There is no artificial intelligence (AI) without human intelligence. To program the machine that gives life to AI, many people in the flesh are at work (which is sometimes forgotten). How to take ownership of the vast subject of artificial intelligence, and more specifically, deep learning? How to become anĀ AI development servicesĀ pro when you are already an IT development pro?
At the heart of AI: the functioning of the neuron
What differentiates AI yesterday from today is its neural functioning. The current AI, deep learning, is a network of artificial neurons that stick to the functioning of the synapses of the nervous system. Man is able to program the machine to perform complex functions that overlap and create deep tissues of connections.
Machine learning or deep learning?
Deep learning is the ability given to the machine to learn by itself in a deep way. Machine learning is the category that encompasses deep learning.
In 2010, in Stuart Russell and Peter Norvig’s 1200-page bible “Artificial Intelligence”, only 165 pages dealt with learning ability and only 10 pages with neural networks, or less than 1% of the AI literature. Today, the neural network is the star, which does not detract from the machine learning techniques on which the majority of computers used every day are based.
AI needs 4 pillars to exist
AI technologies can be set to music according to a pattern valid for all IT solutions: data, techniques, tools and solutions.
- Data: this is what is manipulated. It can be images, voice, numbers… That’s what feeds the machine.
- Techniques: it is the formula to grind data and make it produce results. In AI, these are neural networks and machine learning techniques.
- Tools: these are technologies that make it possible to create solutions, such as visual recognition or language processing.
- The solution: it is a utility for man, the value that is created. This value can be marketed, as is the case for voice assistants, the electric car, chatbot or cyber security.
Training in AI: choose your path according to your profession
Deep learning applications are part of multiple fields. It requires a large number of professionals to look into the subject. But not in the same way.
You are a decision-maker.
You don’t need to put your fingers in the code. Your challenge is to understand the changes that AI will bring to your economic market, but also your ecosystem in the broadest sense, both your suppliers/providers and your employees. You will discover techniques and skills whose existence you do not know until today. Before rushing, take the time to demystify the subject with general acculturation or turn to the help ofĀ big data analytics services. Once you understand which AI segment you need to invest in, it will be time to train your employees, both project managers and technical teams.
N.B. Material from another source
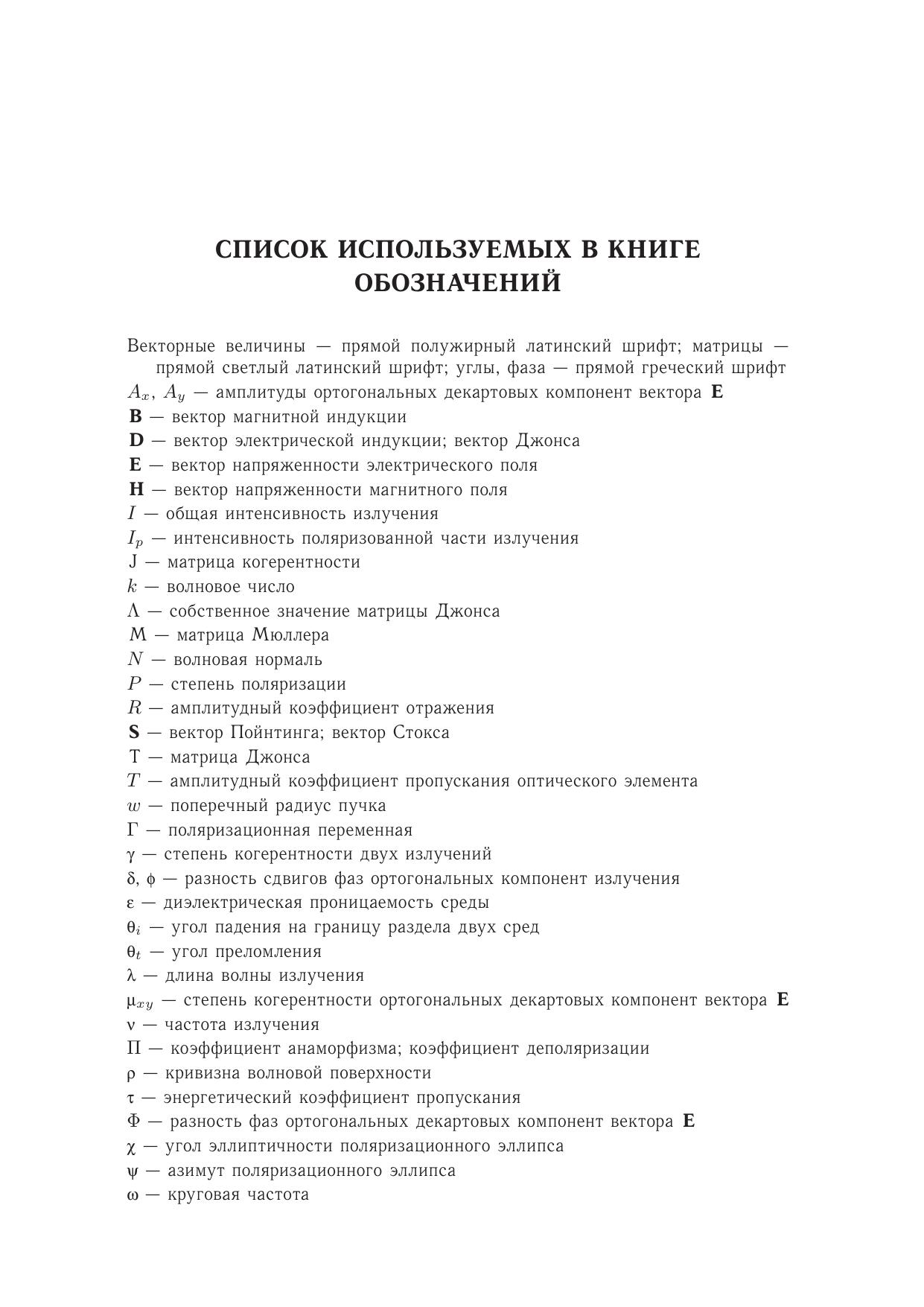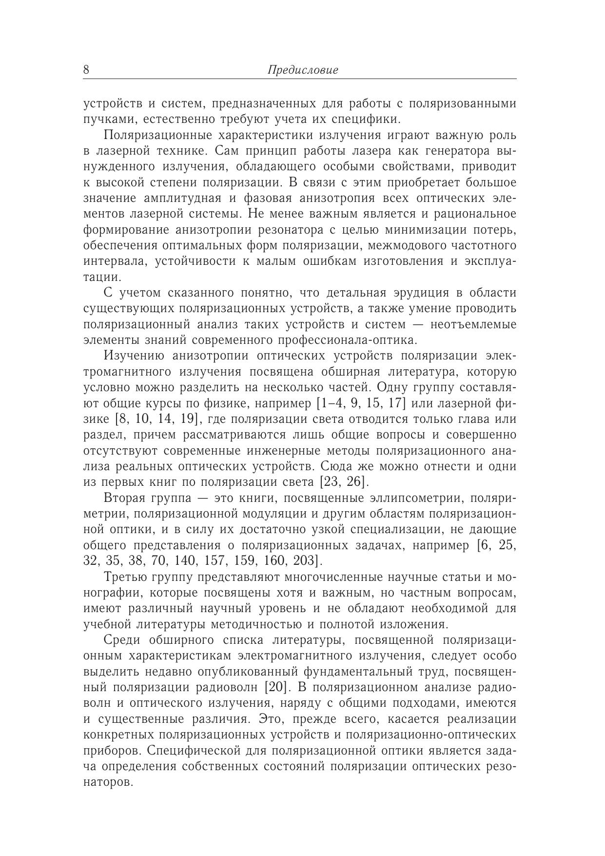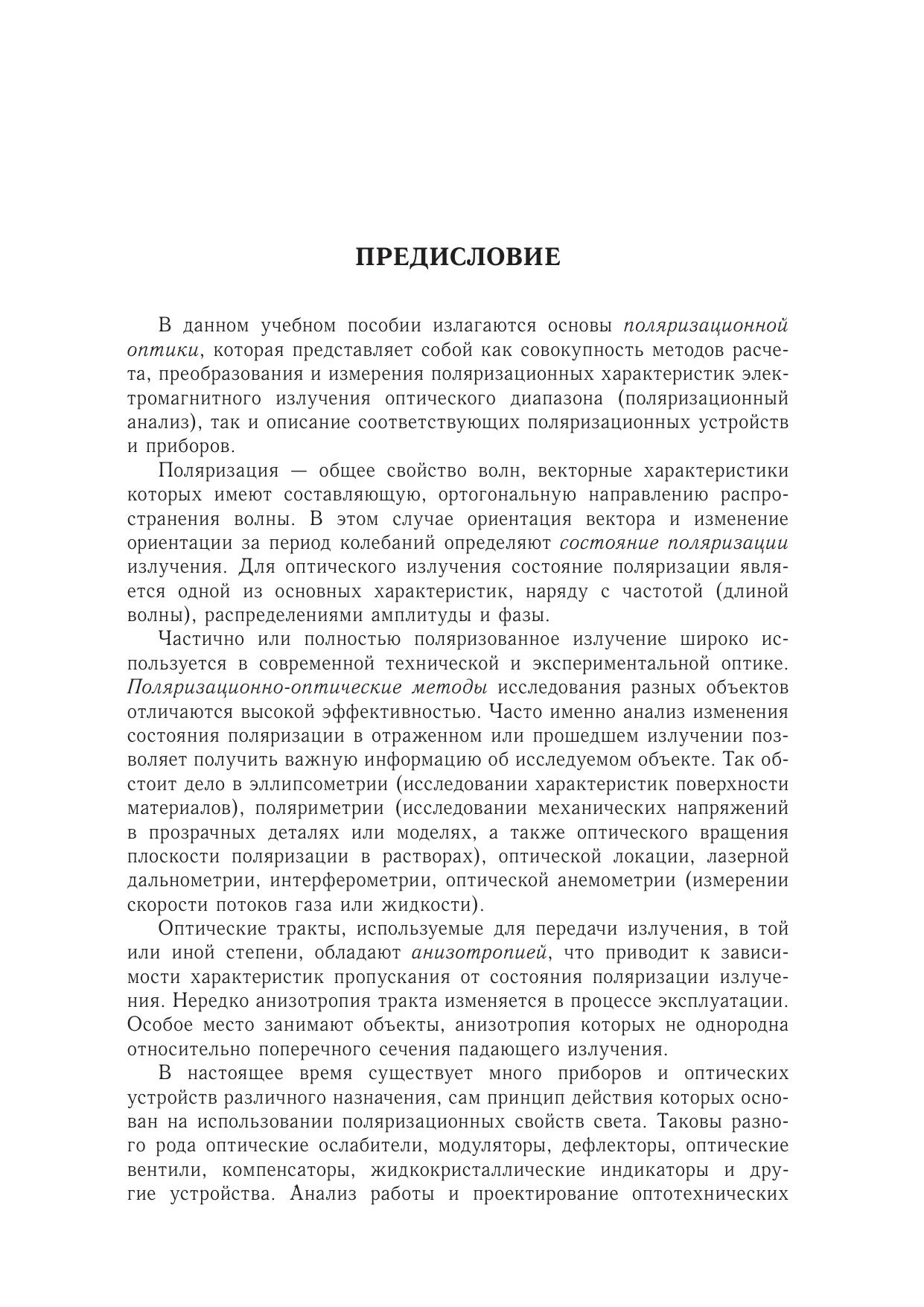 Учебное пособие посвящено основамп оляризационной оптики — новому направлению оптики, которое сформировалось в последнее время благодаря бурному развитию поляризационно-оптических приборов и применению поляризованного света в технике, биологии и медицине. Излагаются основные методы поляризационного анализа, которые позволяют решать задачи трансформации состояния поляризации анизотропным оптическим трактом с учетом деполяризующих факторов, а также определять поляризационные характеристики оптических резонаторов. Подробно описаны поляризаторы, фазовые пластинки, оптические вращатели, компенсаторы и другие поляризационные устройства. Книга содержит множество примеров, имеющих прикладное значение. Впервые подробно рассмотрены поляризационные аберрации излучения.Пособие предназначено студентамс пециальности «Квантовая и оптическая электроника», а также других оптических специальностей технических университетов. Книга будет также полезна специалистам, работающим в области технической поляризационной оптики.

You are the project manager.
Your mission is to develop solutions that integrate or rely on deep learning technologies. You must learn to write the specifications for technicians who will be able to implement them. You must be able to find your way around the AI technical environment. Rest assured, AI is not an ocean apart from the rest of the computer world. The processes are interfaced with those that run existing technologies.
You are a developer.
Are you an ace in Java language or clustering? You will remain so. AI technology plugs into existing languages by introducing Python as a foundation. You can easily find a Python core tutorial online so you get familiar with the language if you are not familiar with it. This programming brick has the distinction of having the richest collection of functions. The availability of abstractions, such as Keras, for example, makes it easier to code (very) complex things.